Sunday, December 5, 2021

Card Of The Week December 5

I was doing some preliminary research recently to get ready to do Yuki Saitoh's retirement post and I discovered something kind of interesting.  Jim Allen actually alluded to this in a recent Japan Baseball Weekly podcast so if you listened to the podcast (and you really should listen to that podcast) you already know what happened but if you didn't, this'll be new to you.

One of the oddities of the NPB draft is that, for the first round at least, a player can be selected by more than one team.  They have a lottery to determine which team gets his rights and whoever doesn't end up with the player gets to pick another player.  It's possible that multiple teams can select the same player with their secondary selection and have to go to a lottery again to determine who gets the player's rights.  This continues until all 12 teams have exclusive rights to 12 different players and then the rest of the draft commences which each player only being selected by a single team, the same way the MLB draft operates.

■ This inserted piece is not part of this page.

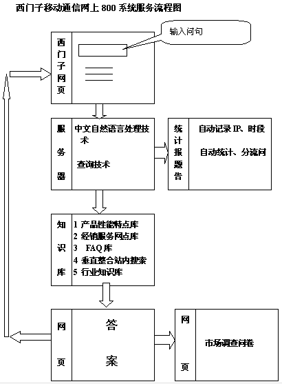 網(wǎng)上800系統(tǒng)的另外一個(gè)特點(diǎn)是自然語(yǔ)句的提問(wèn)方式,客戶可以更準(zhǔn)確、更快捷利用系統(tǒng)找到找到想要的信息;對(duì)于企業(yè)而言,客戶在用這種方式提問(wèn)時(shí),他提的問(wèn)題也是企業(yè)非常重要的,表達(dá)了客戶的需求和想法。提的問(wèn)題越明確,企業(yè)得到的有價(jià)值的信息就越多。在其系統(tǒng)的后臺(tái),客戶提出的各種問(wèn)題都被記錄下來(lái),結(jié)合其它的流量數(shù)據(jù),這些信息被不斷的積累、分析,為其營(yíng)銷決策服務(wù)。而且這種人性化互動(dòng)溝通方式的直接結(jié)果是,瀏覽者首先會(huì)感到自然而不受專業(yè)知識(shí)的約束,他會(huì)更多的去嘗試使用自然語(yǔ)言的方式來(lái)取得服務(wù),增加目標(biāo)客戶對(duì)客戶服務(wù)網(wǎng)站的依賴性。據(jù)悉,該系統(tǒng)僅首月就達(dá)到了十幾萬(wàn)的訪問(wèn)量。

So let's look at the 2010 NPB draft and see how this worked in practice.  In the first round, Yuki Saitoh was selected by four different teams - the Swallows, the Fighters, the Marines and the Hawks.  Saitoh actually was not the player selected by the most teams that year - his Waseda University teammate Tatsuya Ohishi was picked by six teams - the Baystars, the Eagles, the Carp, the Buffaloes, the Tigers and the Lions.  (I believe the most teams to ever select the same player in the draft was eight for Hideo Nomo in the 1989 draft.)  The Fighters and the Lions won the lotteries for Saitoh and Ohishi respecitvely and the other eight teams had to pick again (the Giants and Dragons had no competition for their picks - Hirokazu Sawamura and Yudai Ohno).  The Swallows and Eagles both picked Takahiro Shiomi while the Buffaloes and Marines both selected Shota Ishimine.  The Eagles and Marines won their lotteries and the Buffaloes and Swallows had to make another selection.  They both picked a high school infielder named Tetsuto Yamada and the Swallows won the lottery for him.  Orix finally completed the first round by selecting Shunta Gotoh, their fourth attempt to pick a player.

I've kind of buried the lede here but you probably figured out the interesting thing - Tetsuto Yamada, who's clearly the best player who was taken in the first round of the 2010 draft (if not the entire draft although second rounder Yuki Yanagita has a pretty good argument as well) was bypassed 20 times in the first round and was actually the THIRD choice of the Swallows.  It just goes to show that the NPB draft, like the MLB draft, is a crap-shoot.